2014-11-28 17:18:32 +03:00
parent 36a04ef8de
commit 875f922332
80 changed files with 9240 additions and 2 deletions
--- a/doc/py_tutorials/py_imgproc/py_transforms/py_fourier_transform/py_fourier_transform.markdown
+++ b/doc/py_tutorials/py_imgproc/py_transforms/py_fourier_transform/py_fourier_transform.markdown
@@ -0,0 +1,287 @@
+Fourier Transform {#tutorial_py_fourier_transform}
+=================
+
+Goal
+----
+
+In this section, we will learn
+   -   To find the Fourier Transform of images using OpenCV
+    -   To utilize the FFT functions available in Numpy
+    -   Some applications of Fourier Transform
+    -   We will see following functions : **cv2.dft()**, **cv2.idft()** etc
+
+Theory
+------
+
+Fourier Transform is used to analyze the frequency characteristics of various filters. For images,
+**2D Discrete Fourier Transform (DFT)** is used to find the frequency domain. A fast algorithm
+called **Fast Fourier Transform (FFT)** is used for calculation of DFT. Details about these can be
+found in any image processing or signal processing textbooks. Please see Additional Resources_
+section.
+
+For a sinusoidal signal, \f$x(t) = A \sin(2 \pi ft)\f$, we can say \f$f\f$ is the frequency of signal, and
+if its frequency domain is taken, we can see a spike at \f$f\f$. If signal is sampled to form a discrete
+signal, we get the same frequency domain, but is periodic in the range \f$[- \pi, \pi]\f$ or \f$[0,2\pi]\f$
+(or \f$[0,N]\f$ for N-point DFT). You can consider an image as a signal which is sampled in two
+directions. So taking fourier transform in both X and Y directions gives you the frequency
+representation of image.
+
+More intuitively, for the sinusoidal signal, if the amplitude varies so fast in short time, you can
+say it is a high frequency signal. If it varies slowly, it is a low frequency signal. You can extend
+the same idea to images. Where does the amplitude varies drastically in images ? At the edge points,
+or noises. So we can say, edges and noises are high frequency contents in an image. If there is no
+much changes in amplitude, it is a low frequency component. ( Some links are added to
+Additional Resources_ which explains frequency transform intuitively with examples).
+
+Now we will see how to find the Fourier Transform.
+
+Fourier Transform in Numpy
+--------------------------
+
+First we will see how to find Fourier Transform using Numpy. Numpy has an FFT package to do this.

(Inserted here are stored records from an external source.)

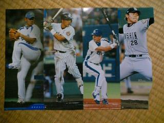 えーと、今日完成した傑作を4つ載せます。これはスポーツ店でおいてあるパンフレットを持ち帰り切り抜いたものです。左から松坂、関本、立浪、福原です。左から斎藤、浜中、福留、立浪です。上段、左から浜中、井口、上原、松井秀、イチロー。中段、左からイチロー、磯部、小笠原、松井秀、井端、浜中。下段、左からイチロー、荒木、安藤、三浦、渡辺俊。イチロー×5です。結構自信作です。
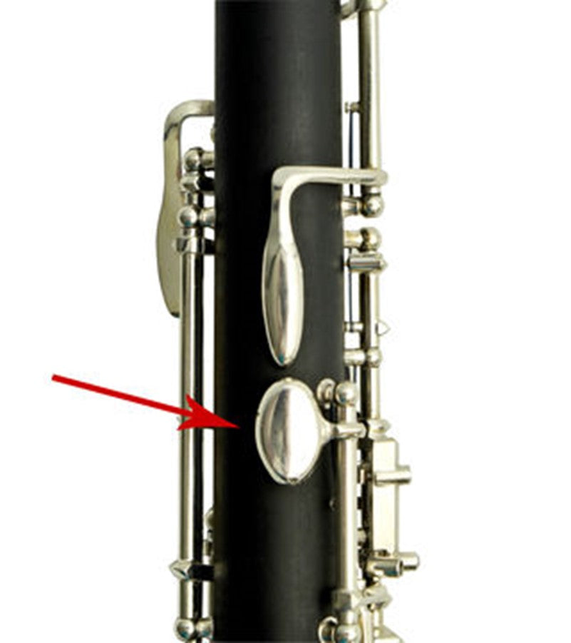 The thumbplate is a key that's held down quite a bit. However, when you play C in the first octave you take it off and those front two keys are released. This means the oboe is carefully balanced between the left index finger and the right hand thumb which hooks under the thumb rest on the second joint of the oboe.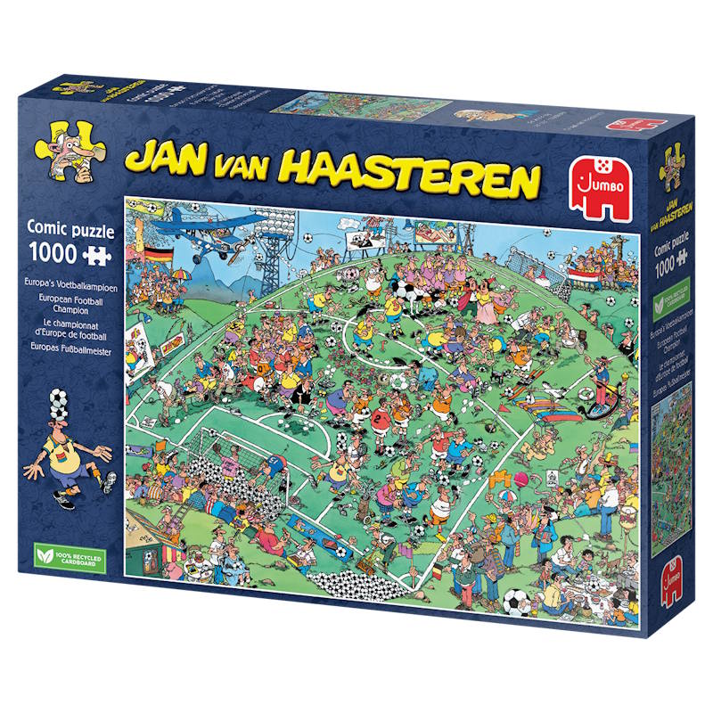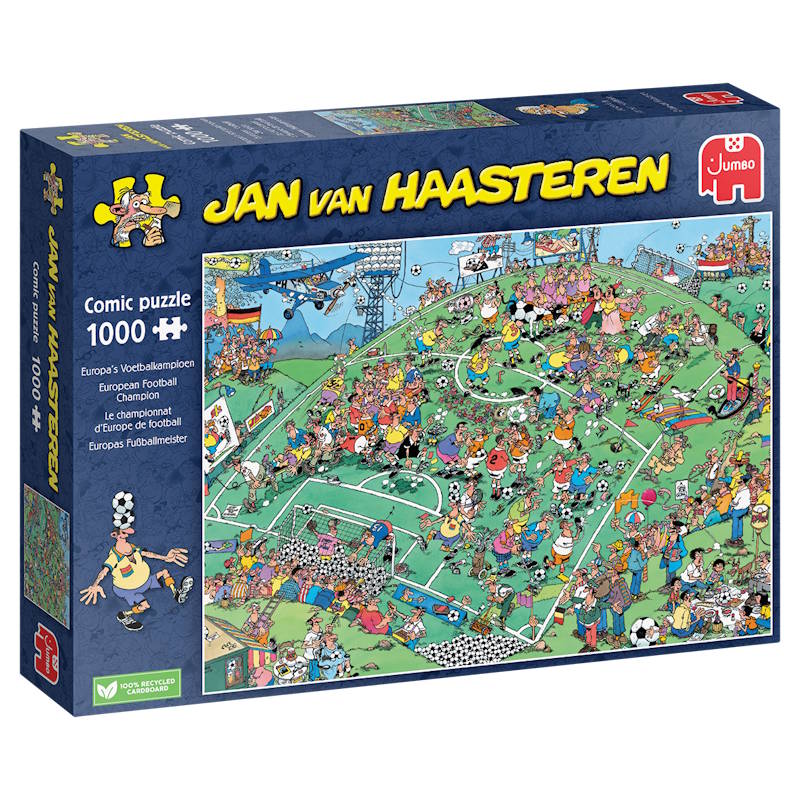 Oplev den intense fodboldstemning med dette 1.000-brikkers puslespil fra Jan van Haasteren-serien! Stadion er fyldt til bristepunktet med festlige fans, og spændingen er på sit højeste, mens holdene gør sig klar til kamp. Men i klassisk Jan van Haasteren-stil er der masser af skøre situationer, humor og overraskelser, som gør dette puslespil til en sand fornøjelse.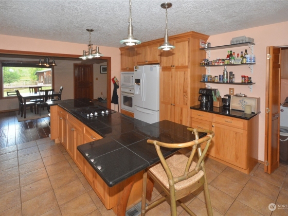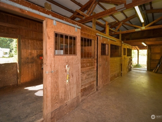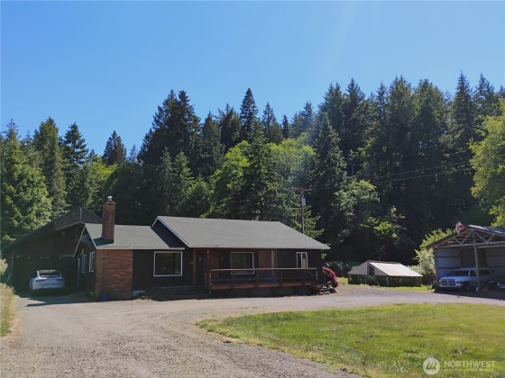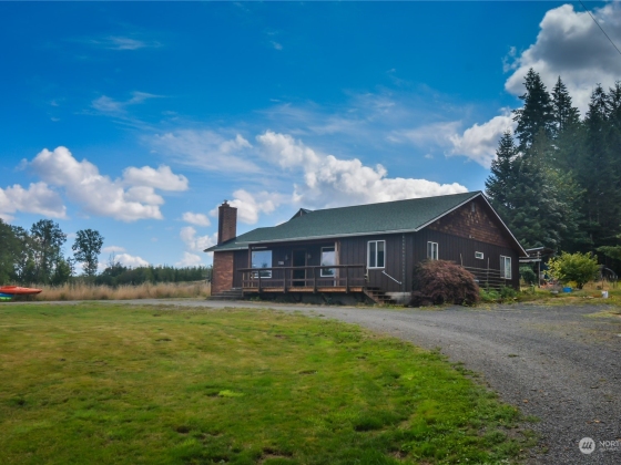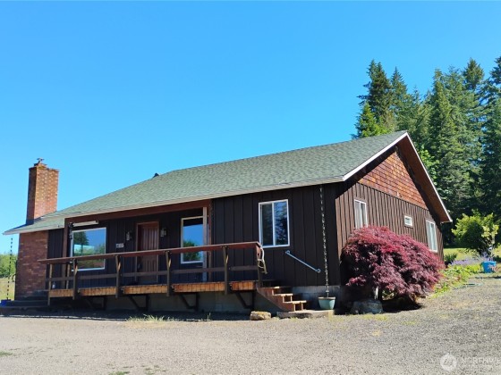 SOLID & WELL BUILT, Inquire about affordability: Sweet Rambler 3bdrm, 2BA kitchen features hickory cabinets, granite counters, farm sink w large dining-rm. Wood-stove w/ stone hearth in living room. Primary stuite w/slider to NEW deck, w/hot tub awaits. Features include, big garage w/attic rm. Great Barn w/3 stalls & heated tack rm. Hay storage + run in shelter. Block cooler for many uses. ROOF, SEPTIC, DECK all NEW. Covered RV parking, entry automatic gate, Wildlife surrounds the property. Private, quiet hideaway.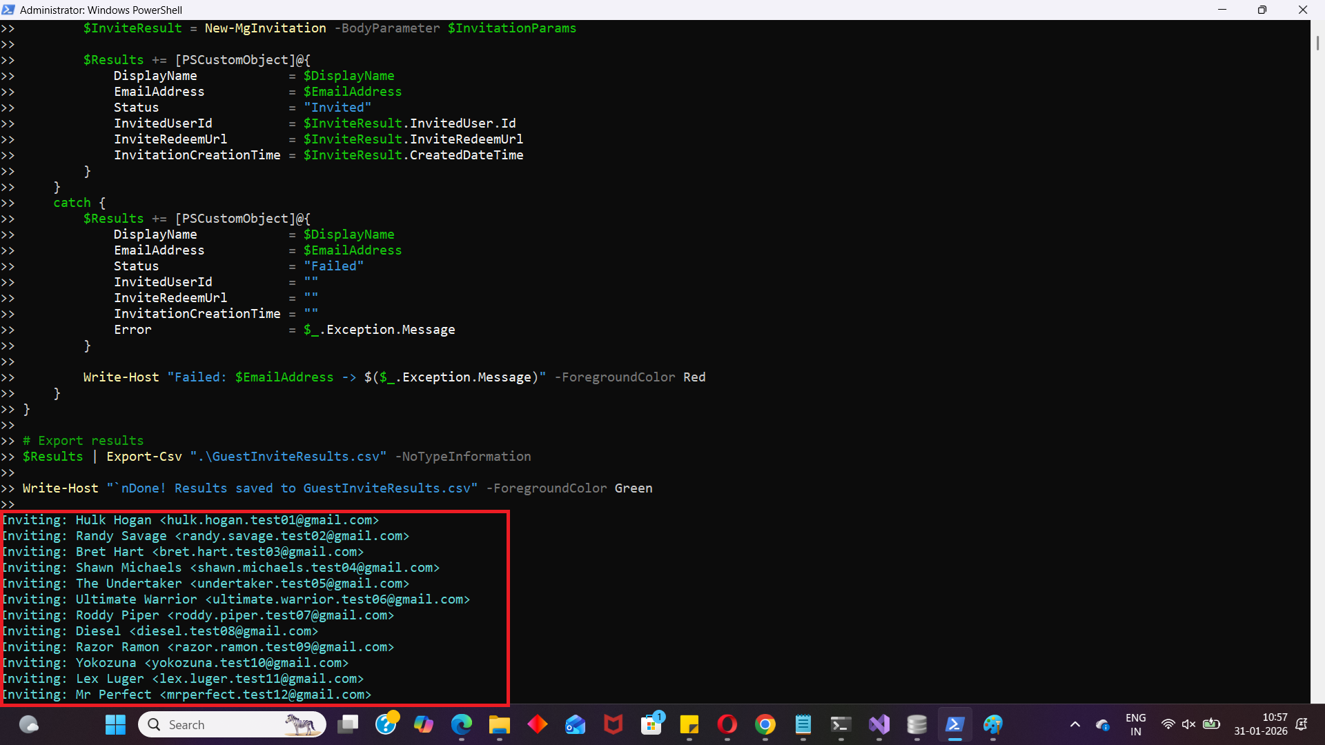 Write-Host "`nDone! Results saved to GuestInviteResults.csv" -ForegroundColor Green.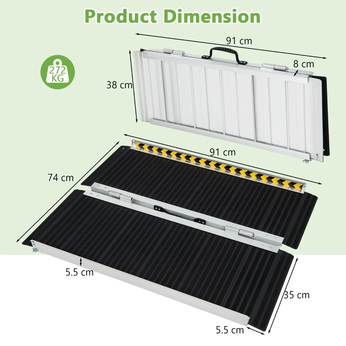 Opvouwbaar en draagbaar ontwerp: Dankzij de easy-fold functie kan de oprijplaat worden opgevouwen tot een compact formaat voor ruimtebesparing en eenvoudig transport. Neem hem overal mee naartoe en zorg voor toegankelijkheid waar je hem nodig hebt.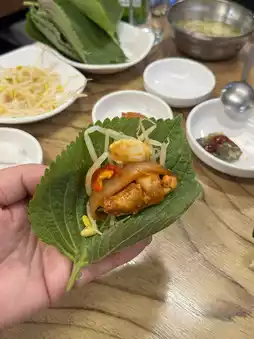 Freshly grilled hagfish has a chewy texture that's absolutely addictive! Wrap it in sesame leaves with ssamjang, bean sprouts, and garlic for a perfectly balanced taste ✨️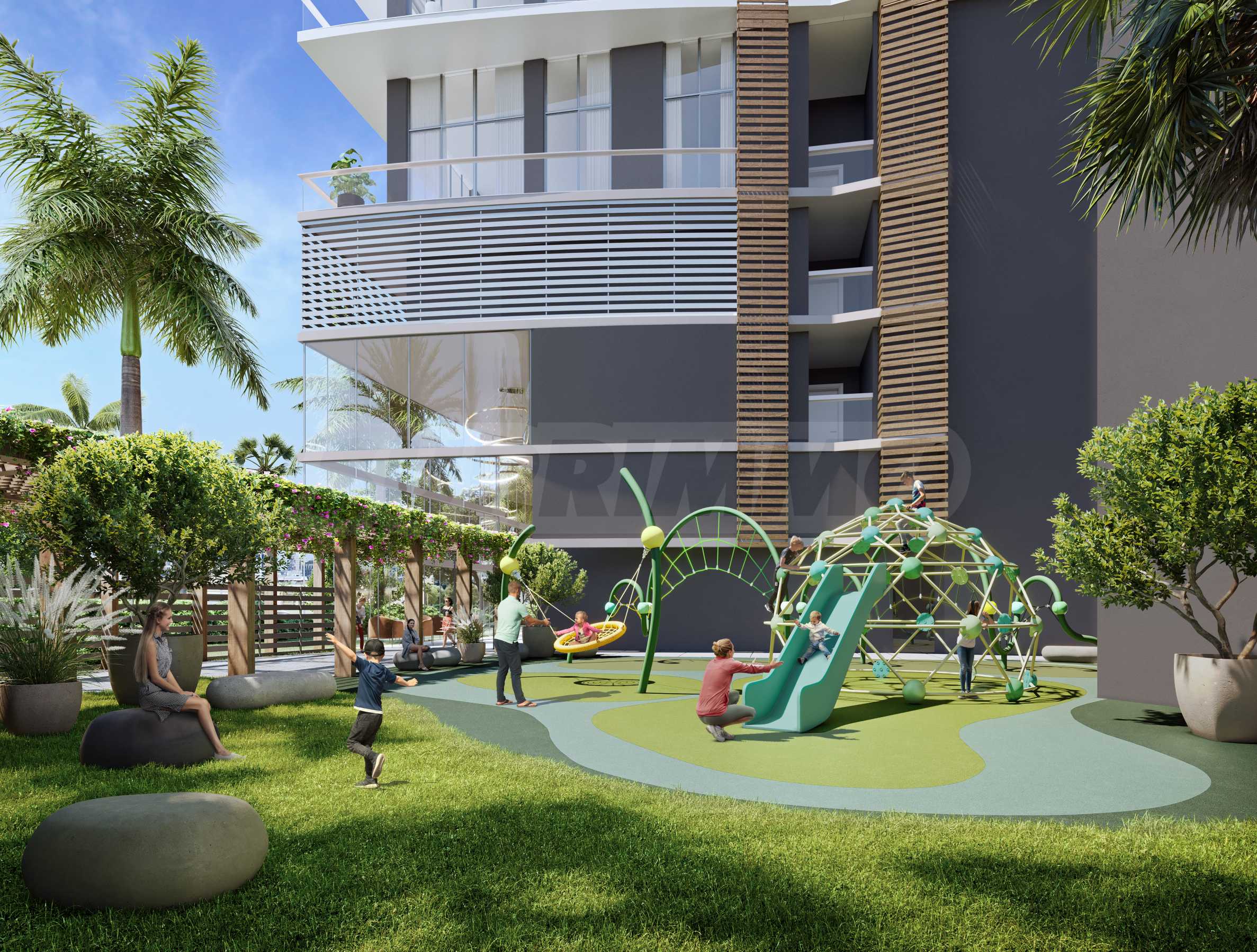 Noch bevor Sie das Gebäude betreten, finden Sie einen zweistöckigen gemeinsamen Arbeitsbereich – perfekt sowohl für konzentriertes Arbeiten allein als auch für kreative Teambesprechungen. Im Innenhof befinden sich ein Spielplatz und ein Indoor-Spielzimmer, die eine sichere und unterhaltsame Umgebung für die jüngsten Bewohner schaffen.

+**np.fft.fft2()** provides us the frequency transform which will be a complex array. Its first
+argument is the input image, which is grayscale. Second argument is optional which decides the size
+of output array. If it is greater than size of input image, input image is padded with zeros before
+calculation of FFT. If it is less than input image, input image will be cropped. If no arguments
+passed, Output array size will be same as input.
+
+Now once you got the result, zero frequency component (DC component) will be at top left corner. If
+you want to bring it to center, you need to shift the result by \f$\frac{N}{2}\f$ in both the
+directions. This is simply done by the function, **np.fft.fftshift()**. (It is more easier to
+analyze). Once you found the frequency transform, you can find the magnitude spectrum.
+@code{.py}
+import cv2
+import numpy as np
+from matplotlib import pyplot as plt
+
+img = cv2.imread('messi5.jpg',0)
+f = np.fft.fft2(img)
+fshift = np.fft.fftshift(f)
+magnitude_spectrum = 20*np.log(np.abs(fshift))
+
+plt.subplot(121),plt.imshow(img, cmap = 'gray')
+plt.title('Input Image'), plt.xticks([]), plt.yticks([])
+plt.subplot(122),plt.imshow(magnitude_spectrum, cmap = 'gray')
+plt.title('Magnitude Spectrum'), plt.xticks([]), plt.yticks([])
+plt.show()
+@endcode
+Result look like below:
+
+![image](images/fft1.jpg)
+
+See, You can see more whiter region at the center showing low frequency content is more.
+
+So you found the frequency transform Now you can do some operations in frequency domain, like high
+pass filtering and reconstruct the image, ie find inverse DFT. For that you simply remove the low
+frequencies by masking with a rectangular window of size 60x60. Then apply the inverse shift using
+**np.fft.ifftshift()** so that DC component again come at the top-left corner. Then find inverse FFT
+using **np.ifft2()** function. The result, again, will be a complex number. You can take its
+absolute value.
+@code{.py}
+rows, cols = img.shape
+crow,ccol = rows/2 , cols/2
+fshift[crow-30:crow+30, ccol-30:ccol+30] = 0
+f_ishift = np.fft.ifftshift(fshift)
+img_back = np.fft.ifft2(f_ishift)
+img_back = np.abs(img_back)
+
+plt.subplot(131),plt.imshow(img, cmap = 'gray')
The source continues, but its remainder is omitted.